One of the groups racing to document the data before it disappears is the End of Term Web Archive, which is dedicated to documenting government websites every four years when the reins of power are handed to the next president. The group has worked to document every transition since 2008.
Another group working to save data is the Environmental Data & Governance Initiative, which bills itself as a research collaborative and network of professionals working to promote scientific data. The group formed following President Trump’s first election in 2016, the group says it helped to save 200 terabytes of data from government websites running under the Obama Administration.
A new group working to save data is called the Data Rescue Project. Founded by members of the International Association for Social Science Information Service & Technology (IASSIST), the Research Data Access & Preservation (RDAP), and members of the Data Curation Network, the Data Rescue Project bills itself as “a clearinghouse for data rescue-related efforts and data access points for public US governmental data that are currently at risk.”
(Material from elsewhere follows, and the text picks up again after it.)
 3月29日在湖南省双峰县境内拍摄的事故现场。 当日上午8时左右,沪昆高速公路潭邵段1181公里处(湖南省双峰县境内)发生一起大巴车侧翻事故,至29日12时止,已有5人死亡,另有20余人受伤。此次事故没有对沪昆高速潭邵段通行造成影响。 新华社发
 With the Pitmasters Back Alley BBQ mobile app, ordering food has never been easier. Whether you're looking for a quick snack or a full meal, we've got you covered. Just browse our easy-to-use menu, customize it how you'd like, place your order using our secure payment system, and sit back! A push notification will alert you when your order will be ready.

Data Rescue Project encourages volunteers to document at-risk datasets by using Data Lumos. Data Lumos was created by the Inter-university Consortium for Political and Social Research (ICPSR) at the University of Michigan to serve as a crowdsourced repository for government data.
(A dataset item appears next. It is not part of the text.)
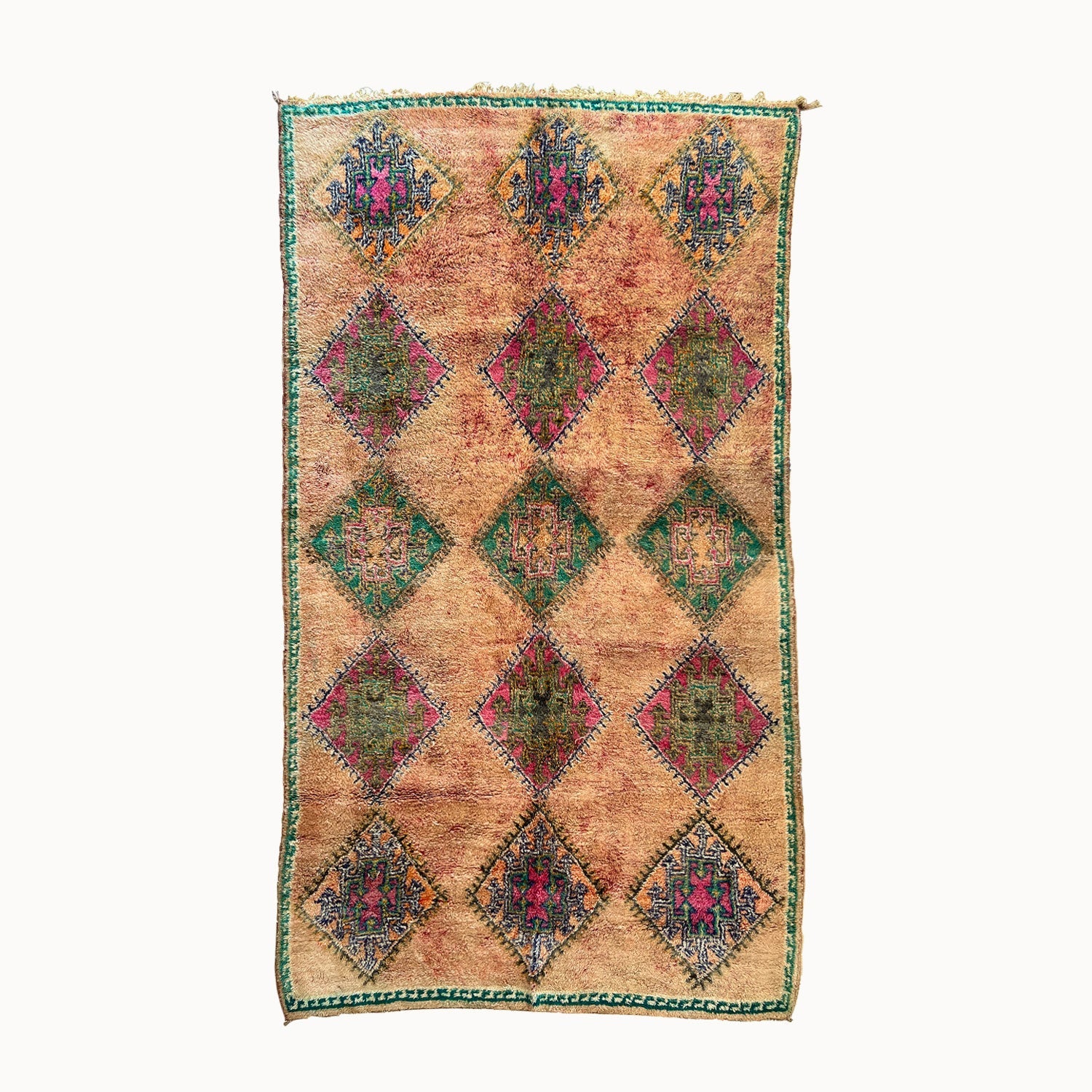 - Due to the vintage and handmade nature of our rugs, there may be minor imperfections and signs of wear. We believe this adds character to the piece and lends to each rug being truly one of a kind.

Harvard University’s Library Innovation Lab is also working to help protect data. Last month, the group launched a new project called the Data.gov Archive that’s designed to preserve datasets that have been linked to Data.gov, the Federal Government’s home for open data. The university group says it has “harvested” more than 310,000 datasets linked through Data.gov, for a total of 15 terabytes of data.
“We’ve built this project on our long-standing commitment to preserving government records and making public information available to everyone. Libraries play an essential role in safeguarding the integrity of digital information,” the group says. “By preserving detailed metadata and establishing digital signatures for authenticity and provenance, we make it easier for researchers and the public to cite and access the information they need over time.”
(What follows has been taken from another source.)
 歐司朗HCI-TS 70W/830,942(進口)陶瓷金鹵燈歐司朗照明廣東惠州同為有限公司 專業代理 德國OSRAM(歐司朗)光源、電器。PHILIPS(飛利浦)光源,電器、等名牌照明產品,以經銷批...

It’s not uncommon for data to get lost under the normal course of business. Any large organization with a sizable website is going to have missing documents and broken URLs to deal with. What’s currently happening under the Trump Administration is different, according to Lynda Kellam from the Data Rescue Project.
“The difference is that we are seeing data being removed from studies that don’t match up with the ideology of the administration,” Kellam told the Columbia Journalism Review. “This pace of takedown has been much quicker than it’s been in the past.”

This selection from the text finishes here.